話が通じないだろうと考えるのもわかります。
[グリタの返事に、テンマと、バクを見やって]
ですが、僕達はその話について、まだ確信を持てていませんし……
……何より、獏君は一番どうすればいいのか困っているでしょう。
[などと。
バク(>>54)に聞かれると]
孝治君は、テンマさんをどう思いますか。
その……やつらについて詳しいのですよね。
例の「儀式」で、何かわかったりしませんか?
それが本物ならば、そうでしょうね。
一般的にあるものではないでしょう。
[頷く。それとは手帳や能力をさして。
今のところ、そこまで混乱したようでもないバクの様子には、小さく息を吐いたか]
こんな時に一人にしておくべきでない、というのも……
嫌な話を聞かせるべきではない、というのも。
一理ありますね。
[ニキについての相談に、そんな事を。やがて動き出す面々を見れば、その後をついていく*だろう*]
そうですか。
では彼女を探した後で、改めてですね。
[孝治に答えると、ニキを探しに。花を咲かせている近くのハナミズキの樹に手を当てて、目を閉じる。何かに導かれるように歩きはじめると、やがてアンが使っている家屋の前へと辿り着いた]
あれは……
[ハナミズキの根元に遠目からも目立つ、白い絨毯の上に広がった朱に、広がる長い黒。

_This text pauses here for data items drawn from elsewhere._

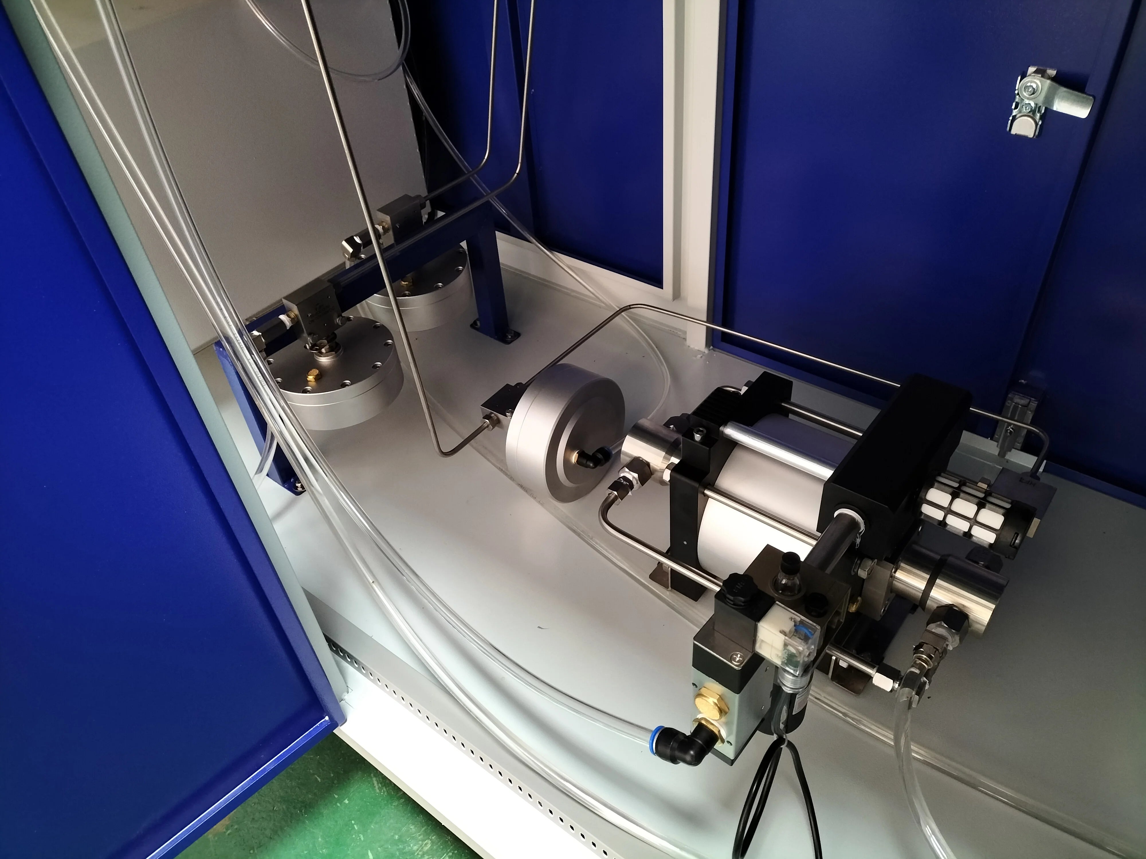 Working Principle: The system uses compressed air (3-8 bar) as a power source, which is converted into high hydraulic pressure via a pneumatic liquid booster pump. This hydraulic pressure serves as the test medium to conduct hydrostatic and burst testing on various items.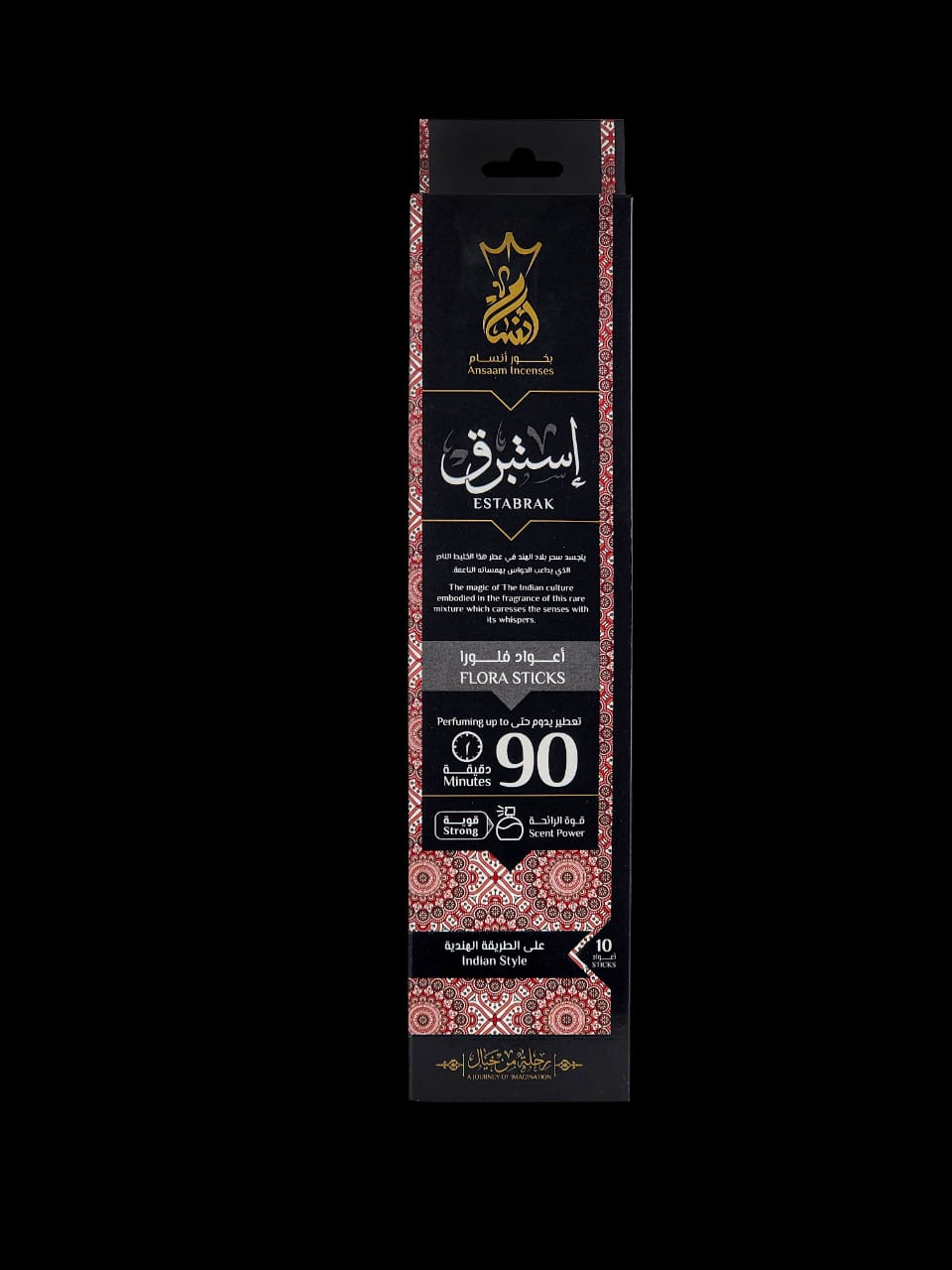 Istabraq Incense delivers luxurious, long-lasting oriental fragrance with rich oud and blooming flowers. Available in 90 minutes and luxury Flora stick formats, it is made from high-quality natural ingredients to create a warm, sophisticated, and inviting atmosphere in your home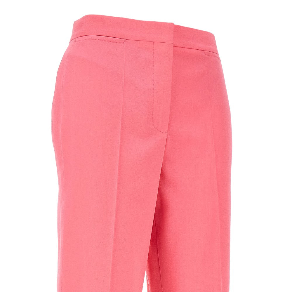 Pantalone sartoriale in twill di lana sostenibile certificata RWS leggermente elasticizzato. Gamba dritta con piega centrale. Silhouette regolare a vita media. Patta con zip e chiusura con gancetti e bottone a scomparsa. Tasche a filetto sui fianchi e una sul retro.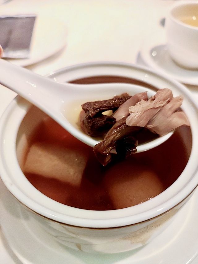 🎉Celebrating family birthday, so went to hotel staycations~ Since the package includes meal vouchers, I chose to eat Chinese food for dinner "🌃Beautiful view · Good service · Exquisite Chinese cuisine" is - "Tian Wai Tian"                  —— This time I ordered the "🦆 Sliced ​​Duck Dinner Set", there are 6 dishes from starter to dessert ~ "🥒 Cucumber scallops in Sichuan sauce, whole bacon chicken tart, honey barbecued pork" As a starter is a very good start 👍🏻 from light to rich ~ Cucumber scallops are slightly spicy but fresh, very appetizing ~ Bacon and chicken tart, sweet and salty, crispy and smoky combination, every part is impeccable, proving that their dim sum is excellent🌟 🍯 Honey char siu, honey-flavored char siu and soft enough, beautiful fork is to such quality! "🦆Hong Kong Style Sliced ​​Duck" Seriously I don't have high expectations for this one, because I've seen a lot of people's feedback before But after trying I think it's not bad 🤔 quality is not up to the specialty sliced ​​duck specialty store kind of good food, but than many Chinese restaurants do better ~ The dim sum skin is hot and thin and smooth enough. It's great for wrapping duck 😋😋 As for the key duck, the taste is ok no duck greasy taste, ❌ the defeat is the skin is not crispy enough, the duck meat is not enough Juicy ~ "🐦Deer Antler Mushroom and Bamboo Shoot Stewed French Quail" 💯 points of stew, highly recommended 🌟🌟🌟🌟🌟 The meat of quail has its own unique taste. The meat is sweet and tender It is also high in protein, low in fat, rich in nutrients and nourishing And the deer antler mushroom once opened the lid mushroom fragrance fragrance overflowing ~ 🔥 The heat of the stew is enough, the soup is really good to drink, warm to the heart ❤️ "Da thousand burst shrimp ball🦐" It doesn't have the style of a big stall, but the two different styles can't be compared😝 The taste is spicy and tasty enough, the prawns are big and bouncy enough Unfortunately, it's really spicy 🌶 children can't eat it ~ "🦀Garlic Scallops and Crab Meat Stir-fried Seedlings" 🤩 Super amazing fried rice! The silkworms are fried dry and clearly, and the crab meat is very chewy when sandwiched between them Take a bite and feel that the rice will dance in your mouth 💃🏻💃🏻😋😋 "🥭 Mandarin and Mango with Beauty Points Double Brilliance" Originally, I was very satisfied and happy to eat fried rice But the whole meal was actually very good at the beginning and not at the end... the bad thing is this dessert😣 The sweet and sour mangosteen is as thin as water, tasteless and tasteless, the osmanthus cake I thought was jelly candy, the most similar walnut cake brought the taste of my previous 💙 cans of cookies at most 🤭🤭 After talking about eating, I 👍🏻 praised their service. Since there is a family birthday🎂, the restaurant specially sent champagne 🍾️ almond dessert and 🍑 longevity bun ~ Worth mentioning the sashimi bun was delicious (since the dessert was too disappointing I didn’t have the heart to take a picture of the bun). The crust of the bun is very fragrant and smooth, the lotus seed paste filling is fragrant and not too sweet, and it is served with beautiful salted egg yolk😋 What's more, my daughter accidentally spilled all the cup 🍎 apple juice 🧃 she immediately gave me a second cup ~ Even if the whole place is full, they carefully observe each table, instantly meet the requirements of each customer, worthy of praise 👍🏻👍🏻👍🏻 Tin Wai Tin (Tsim Sha Tsui) 📍28/F, Victoria Harbor Plaza, 17 Science Museum Road, Tsim Sha Tsui #landscape restaurant #high altitude view #see the night view here is super beautiful #romantic date restaurant #hotelcation #foodie

自己紹介の名前は、確か佐藤。自分の作リ出した世界を知る者とは知らず]
こんな所で眠っていたら、寒いでしょう。
[風による傷を多数負って、すでに事切れている少女の器。その前に屈み込むと、髪についた雪をそっと落とす。はらりと髪が落ちて、傷を負いながらもどこか微笑みを浮かべたような安らかな顔が覗く]
皆さんに会いに戻りましょうか。え、もう少しここに、ですか?
[ハナミズキの樹を見上げると、風もないのに葉が揺れる。上着を脱いで彼女の遺体にかけると、ニキを探しに向かう。途中で会った人には、黒髪の少女の遺体のことを*告げていく*]
- 家屋前・ハナミズキの真下 -
〔屈みこむ風雪の背後。
色の無い表情は、男と、自身を見下ろすだけ。
風雪のかける言葉を聴き、〕
――、別に。
寒くなんて、ないです。
〔緩やかに首を振る。
きっと倒れている器でならば、
かたかたと小さな震えも伴ったろう。
けれど否定をするその顔には。
いつの間にか、震えよりもずうっと寒そうな
悲しみに近い色が浮かんでいる〕
〔会いに戻りましょうか、と声がすれば
表情からは悲しみが吹き飛び笑みが浮かぶが〕
私は一人が、良いから。
もう少し此処で……
この子と一緒に、居たいから。
〔口をついて出た言葉は震えていた。
そうして去ろうとする彼を見送る形になる。
自身に上着が掛かるのを見て、
無意識にか、風雪の背へ手を伸ばすが〕
――、っ
〔辛そうな面持ちで、其の手を引っ込めた〕
〔何処までも"独り"と口にしては。
伸ばした手は一体何に触れようと云うのか。
決して伝わる事の無い言の葉。
降り積もった葉はやがて色を失い、
雪に覆われて見えなくなってしまうのだろうか。〕
……ぅ
〔もう必要が無い、というのに。
悲しいと感じれば、涙の様なものが頬を伝う。〕
どう、して……。
〔自問の声は、静かに響く。〕
〔たった一言のお礼すら言えず終い。
傷つけぬように、負担にならぬ様に。
そう思い相手を退けた言葉は、
周り巡って杏奈の表情を悲しみで彩った。〕
〔去ってゆく風雪の背を、見送る瞳*〕
待てよ………こっち、だと思う。
[気乗りのしない、苛々した様子でニキが向かった方向を指差す。
無言で歩いた。聞いた、タカハルや親父の台詞を整理するために。
フユキからアンの話を聞けば、不意に足を止め]
あの人………ビセさん、は?
[周囲の人にポツリと尋ねた。思い出すのは、あの夢。
徐々に沈みこんでゆく恐怖と、自分の腕にかかる義兄の重さ。
夢のリアルが現の恐怖と実感を呼び覚まし、しばし俯いた。
目じりが、熱くなる。低い、不安に満ちた声で]
なあ、親父。オッサンを……俺のにいさん殺すのか?
俺の親父が、俺のにいさんを?
あの人、バケモノとかそんなんじゃねえよ。俺がどうしようもなかった時、姉さんと一緒に俺を引っ張りだして、励ましてくれたんだ。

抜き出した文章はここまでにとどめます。